Scientists Read Human Genetic Code

Feb. 11, 2001 -- After a decade of work in laboratories around the nation and half a dozen other countries, researchers have finally achieved their goal of reading the human genome.

Scientists announced today that they have the first reading of the human genetic code, a feat some researchers compare to Copernicus determining the Earth revolved around the Sun, or Charles Darwin's formulating the theory of evolution.

In two landmark studies out this week, researchers detail almost the entire human genetic code.

The announcement marks the next major step in the project since scientists finished decoding the human genome last June. The decoding involved identifying and placing in order the 3.1 billion-unit long sequence that make up human DNA; the new work determines what the code says.
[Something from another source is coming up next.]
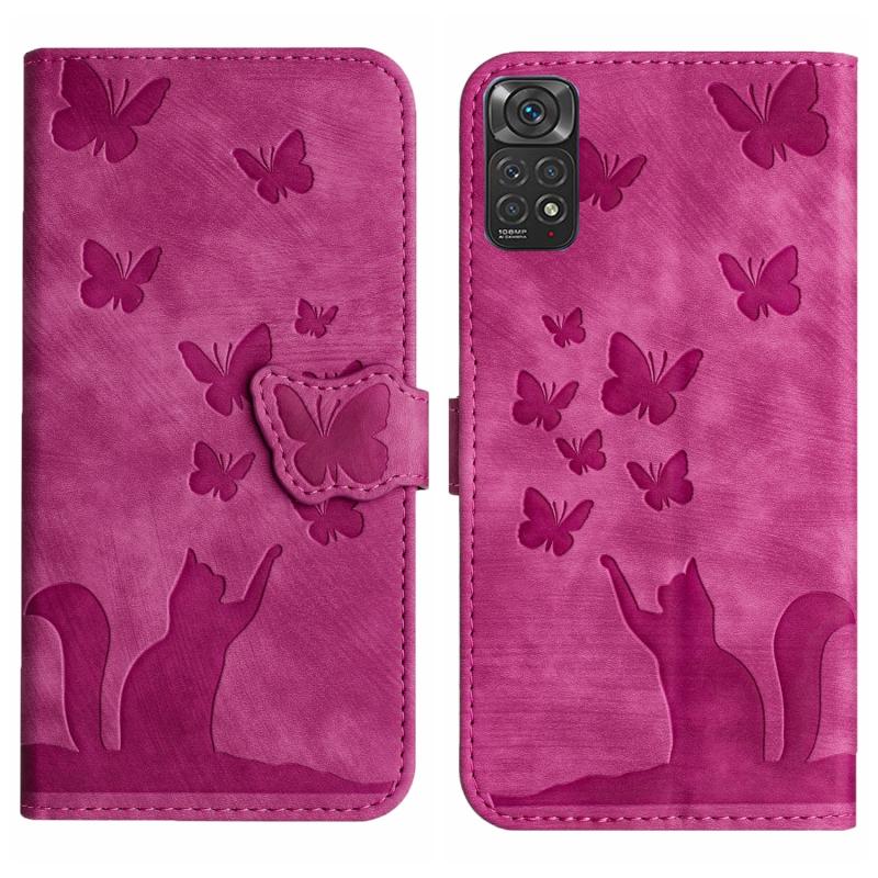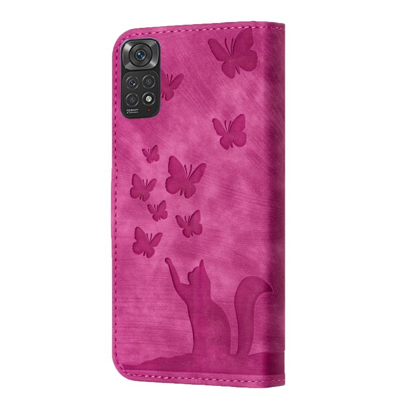 Θήκη δερμάτινη flip με σχέδιο πεταλούδας και γάτας για Xiaomi Redmi Note 11/Note 12S 4G Global. (Ροζ)
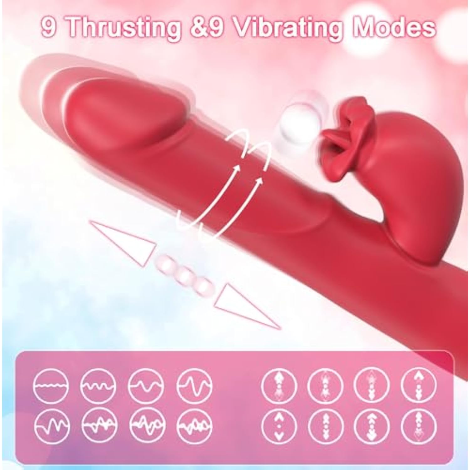 Thrusting Vibrator Sex Toys 4In1 G Spot Vibrator,Tongue Toy For Women Rose Sex Toys With 9 Vibrating& Thrusting& Licking Modes, Dildo For Clitoral Sex Games,Nipple Anal Couples Adult Toys Dildos

And the researchers say it's a lot simpler than they thought.

They had expected about 100,000 genes per person. Instead, they found about 30,000 — only twice as many as a fly has, and 10,000 more than a worm.
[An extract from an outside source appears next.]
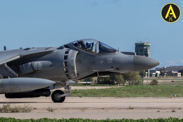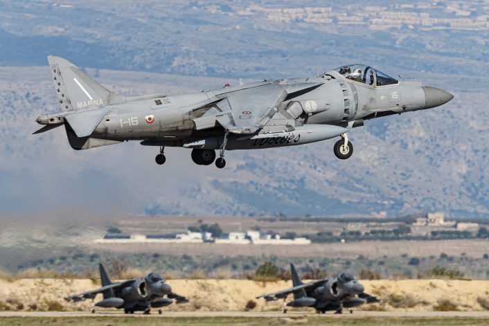 Um AV-8B+ Harrier II da Marinha Italiana realiza uma decolagem curta durante o exercício. (Crédito da imagem: Alessandro Fucito/The Aviationist)
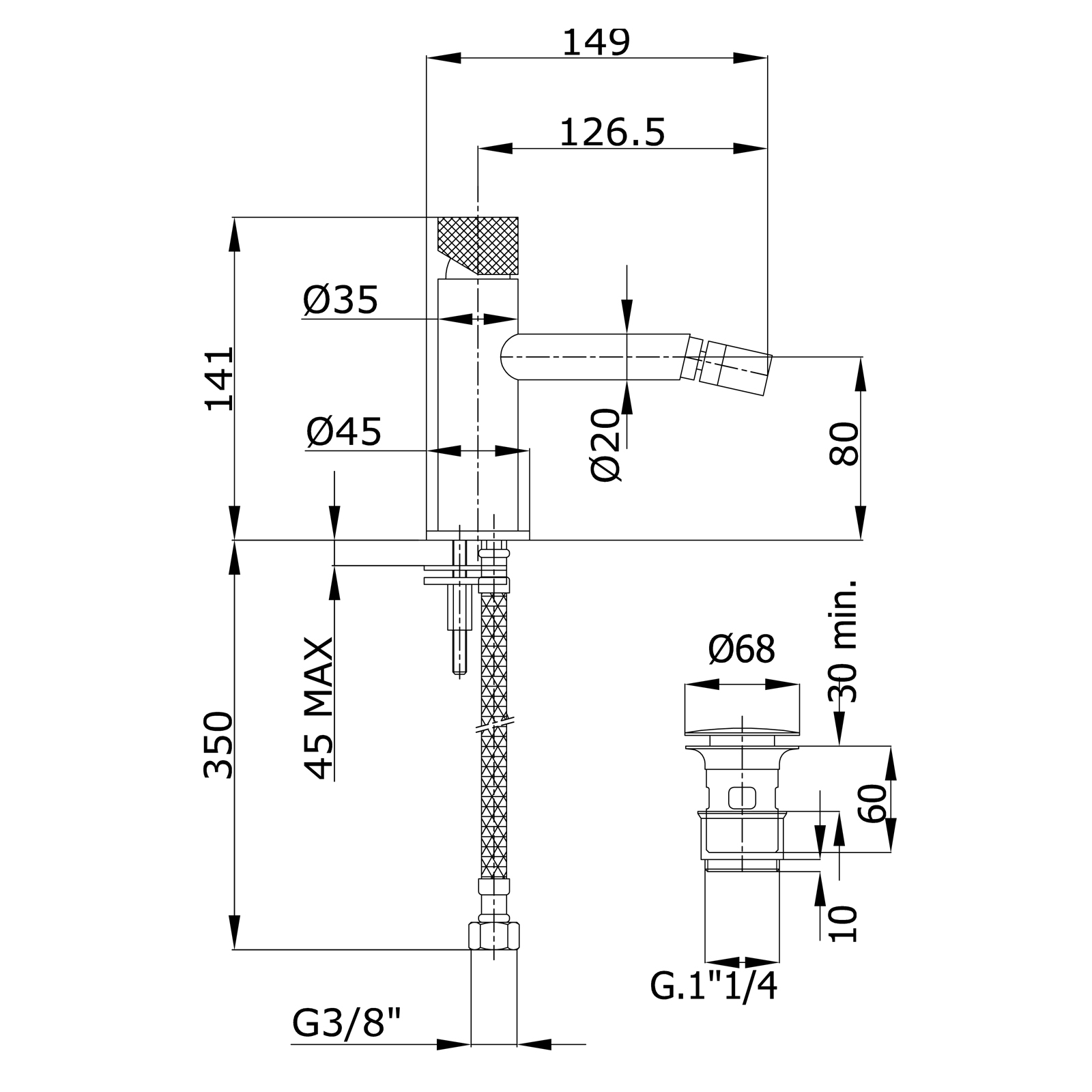 Miscelatore monocomando bidet con scarico CLICK-CLACK

"That comes as a bit of a shock," said Dr. Craig Venter, who heads the Maryland-based Celera Genomics Corp.

"When you consider that other organisms that we know a lot about, like yeast and worms and flies and plants, have gene counts in some instances very close to that," he said.

Celera competed with the publicly-funded Human Genome Project to read the code.
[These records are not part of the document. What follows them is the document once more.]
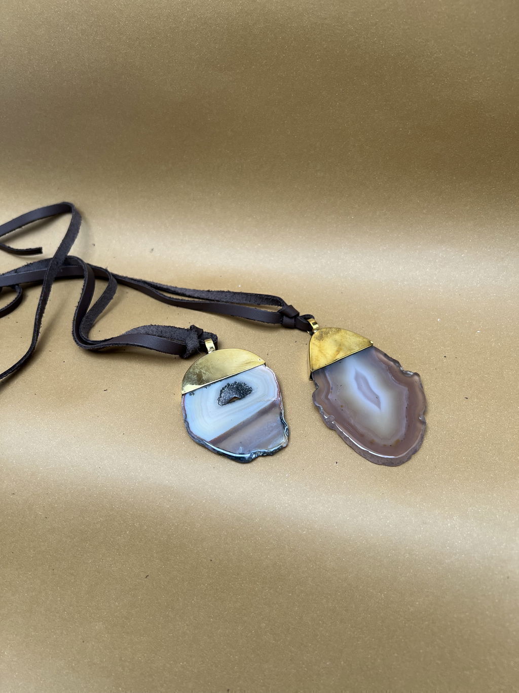 Piedra Ágata engarzada en Bronce con collar de tiento de cuero.
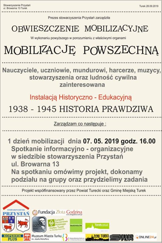 Po raz trzeci Stowarzyszenie Przystań chce przystąpić do realizacji projektu Instalacja historyczno-edukacyjna „1938 -1945 Historia prawdziwa”. Okazją do powtórzenia wydarzenia jest 80. rocznica wybuchu II wojny światowej. W związku z czym ogłasza mobilizacje powszechną dla mieszkańców miasta i powiatu tureckiego.
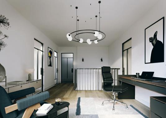 Die Empore über dem Wohnbereich bietet Raum für eine Lounge und ein Büro.
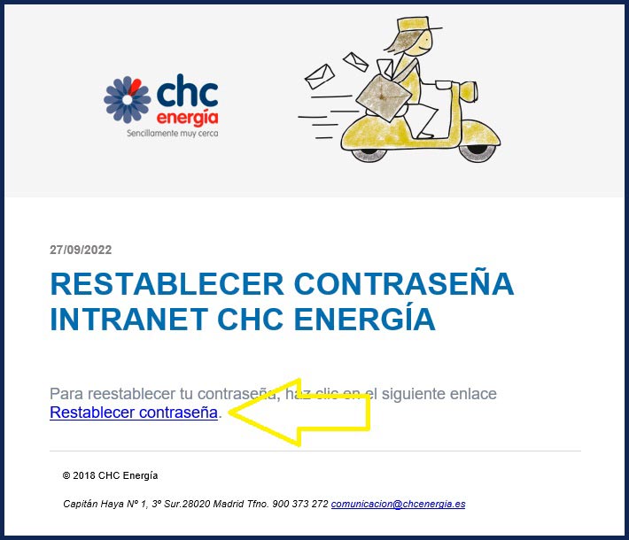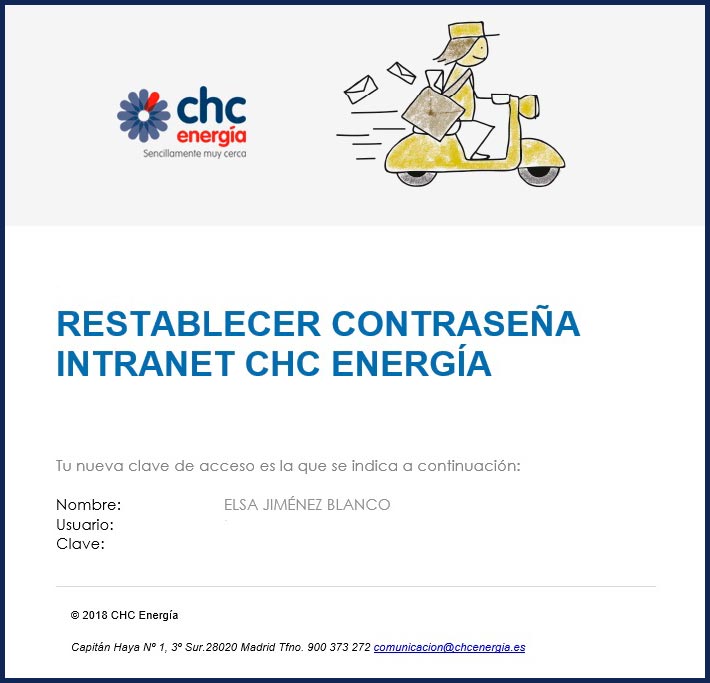 Con la finalidad de mejorar el uso de la Intranet de CHC Energía, y de que podáis ser autónomos a la hora de restablecer la contraseña si se os ha caducado, a partir de ahora podréis resetearla a través de los emails a los que estén asociados vuestros usuarios.
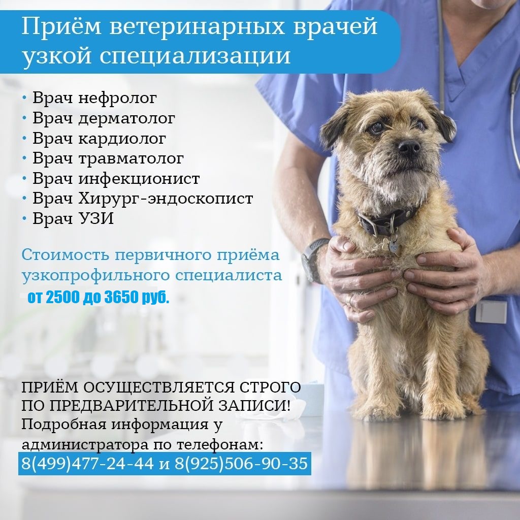 Приём ветеринарных врачей узкой специализации от 2500 рублей!

Ready to Revolutionize Medicine

"It will fundamentally change medicine," Venter said. "It will give you power over your own life, instead of just randomly waiting for symptoms to appear — by the time they appear it's probably too late."

Scientists hope the genome work will help them find disease-promoting genes, develop better drugs, tailor therapies to particular patients, evaluate environmental hazards and study human evolution and migration.

The genome is the instruction book for the human species.

Almost every cell of your body contains coiled-up DNA — the famous twisting ladder of genetic instructions that is three billion rungs long.

Segments of DNA — known as genes — may give you red hair, or hazel eyes.

Data Show Humans Are 99.8 Percent the Same

Among the other findings, researchers for the Human Genome Project found that human beings are genetically 99.8 percent identical, regardless of race or looks or where they were born.

"This is moving into a new era," said Dr. Francis Collins, a researcher with the Human Genome Project. "We won't have to go back again to the point where the genome was a hypothetical. It's real now."

Doctors will now begin the daunting task of turning this knowledge to practical use. Some experts hope the genome will lead to powerful new genetic medicines to tackle a huge variety of illnesses and conditions. They theorize that in coming decades, people will have access to a medicine based on their own, individual genes.

Researchers admit, however, that despite the progress they've made, there are many steps left to unlocking the genome's potential.